This case study involves a 5-year-old child born in London who received follow-up treatment in child psychiatry in Spain for 2 years due to delay in language development and disorders of conduct. The patient had previously received medical care in London. From a very young age the patient had a history of repeated otitis, which was treated symptomatically. During his stay in London, the child was examined by many paediatricians, paediatric neurologists and psychiatrists, who diagnosed the child as having autism spectrum disorder because of the presence of a qualitative change in social interaction, a qualitative alteration in communication, restricted and stereotyped behaviour patterns and activities, delay in the language used for social communication and lack of imaginative play.
After 2 years of living in Spain with his mother, he was placed in a public school in Madrid for the first time at 3 years of age. The teachers observed significant delays in language development, some of which were the result of having spent his first 3 years living between two countries with different languages.
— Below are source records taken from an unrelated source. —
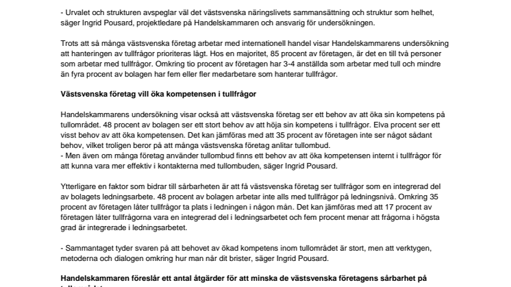 Trots att så många västsvenska företag arbetar med internationell handel visar Handelskammarens undersökning att hanteringen av tullfrågor prioriteras lågt. Hos en majoritet, 85 procent av företagen, är det en till två personer som arbetar med tullfrågor. Omkring tio procent av företagen har 3-4 anställda som arbetar med tull och mindre än fyra procent av bolagen har fem eller fler medarbetare som hanterar tullfrågor.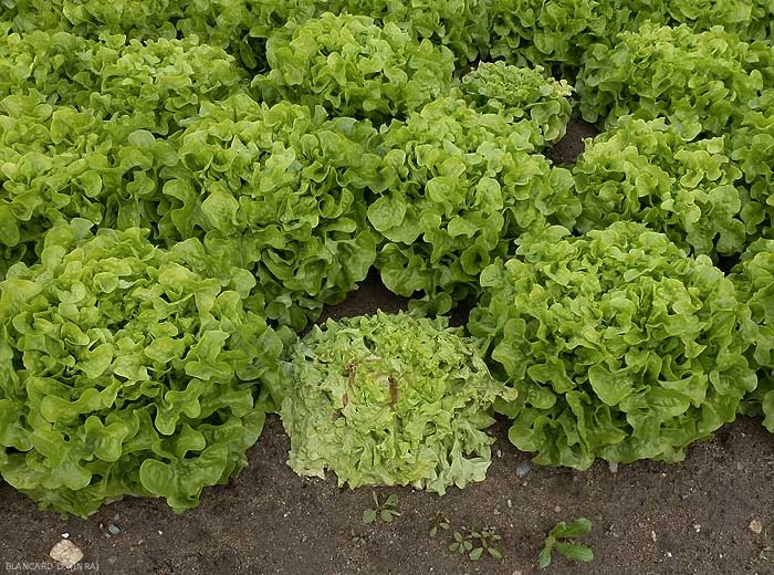 En fin de végétation, les plus extérieures puis l'ensemble des feuilles jaunissent et flétrissent brutalement (figure 1). Par la suite, les plantes fondent littéralement sous les effets d'une pourritures humide (figure 2).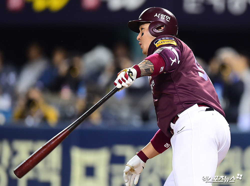 [엑스포츠뉴스 잠실, 김한준 기자] 23일 오후 서울 송파구 잠실야구장에서 열린 '2019 신한은행 MY CAR KBO 포스트시즌' 키움 히어로즈와 두산 베어스의 한국시리즈 2차전 경기, 6회초 1사 1루 키움 박병호가 1타점 2루타를 날리고 있다.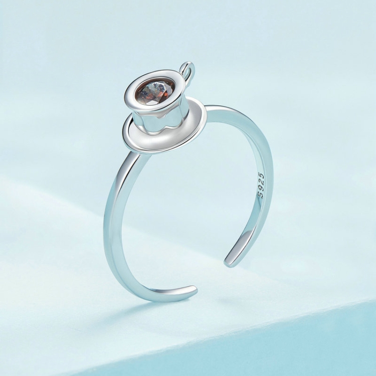 S925 Sterling Silver Zircon Coffee Mug Open Ring
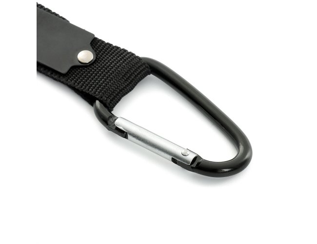 Este suporte é formado por uma alça de nylon ligada a um anel maleável, próprio para o encaixe em bocais de garrafas PET, em uma das pontas enquanto a outra apresenta um mosquetão e uma argola para chaveiro.
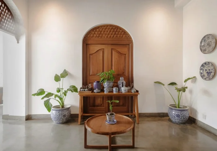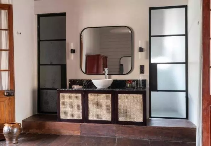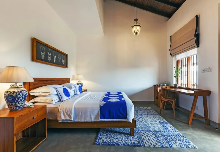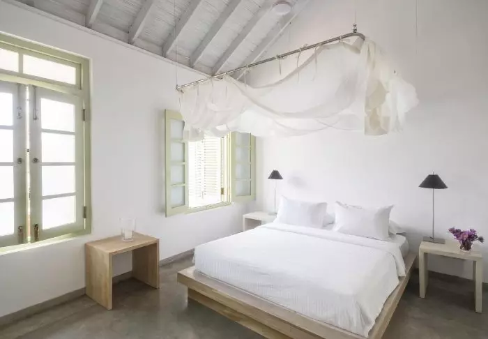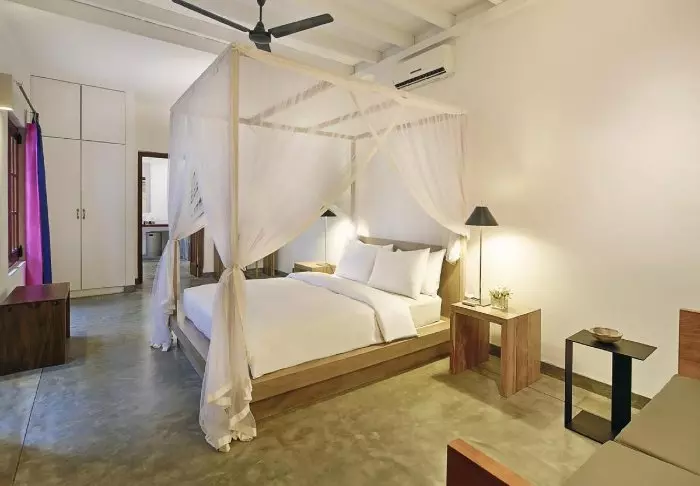 De 16 kamers van het hotel zijn verdeeld over de drie gebouwen, waar minimalistisch design, rustige tinten en antiek uit het koloniale tijdperk prachtig gecombineerd zijn.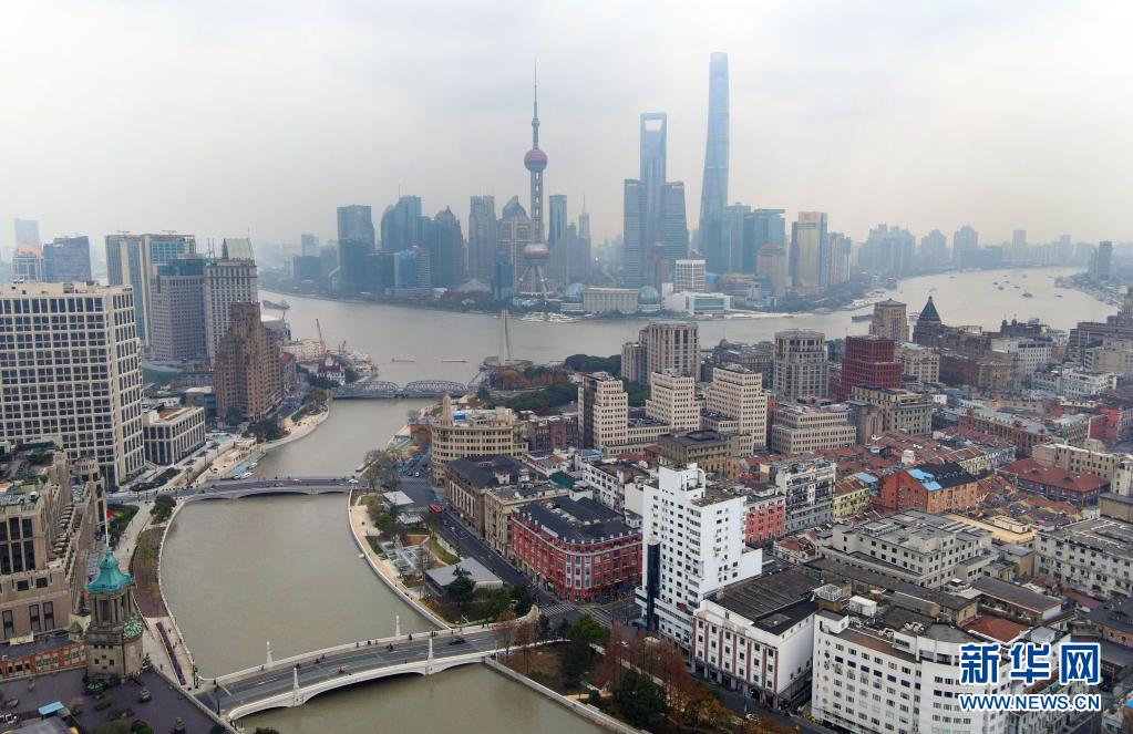 从空中俯瞰苏州河(下)与黄浦江的交汇处(无人机照片,2020年12月29日摄)。新华社记者 方喆 摄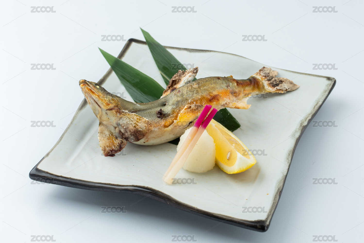 盛放在瓷盘内的日式烤鱼

Professionals from the school suspected hearing loss due to difficulties in social interaction. The school psychologist reported an inability to establish appropriate relationships with peers, lack of empathy, lack of interaction in games with other children, stereotyped use of language with an inability to initiate or maintain a conversation, and presence of stereotyped and repetitive motor mannerisms. The school also reported low tolerance to frustration and frequent episodes of self-aggressive behaviour, such as biting his arm and hitting his head.
The psychologist referred the child to the San Carlos Clinical Hospital. During initial interviews with the patient and his mother in the children’s psychiatry unit, the behaviours noted above were observed and recorded. His mother stated that during episodes of otitis, there was an exacerbation of ritualised behaviours and episodes of self-aggressive behaviours. We decided to refer the case to otolaryngology services to assess the possibility of surgery, given the existence of frequent repetitive otitis and otalgia refractory to symptomatic treatment.
During surgery for otitis, the otolaryngologist observed and removed an adenoidea hypertrophy. Approximately 1 month after the surgery, we made a psychopathological examination, reporting that the child was conscious, oriented and affable, as well as well groomed. Although he did not maintain eye contact, he was reactive to stimuli, responding when spoken to and did not show evidence of stereotypies or mannerisms. The child showed some tension when speaking, responding with short phrases when asked, and seemed slightly suspicious. There was no evidence of psychosis or somatic alterations in circadian disorders or loss of appetite or weight. The child played spontaneously during the interview, and was affectionate and loving with his mother as well as the therapists at the end of the interview.
The school and the family both reported significant improvement in the patient post surgery. A 6-month follow-up revealed a lasting qualitative increase in social interaction, and while the child’s tendency is to play alone, he is becoming increasingly sociable with other children from school. There is an improvement in his language shown by the disappearance of echolalia, improved literacy, virtual absence of stereotypies and mannerisms, and reduced episodes of self-aggressive behaviour. The child still displays a low tolerance for frustration and poor maintenance of eye contact, but gives the impression of being more connected with his environment.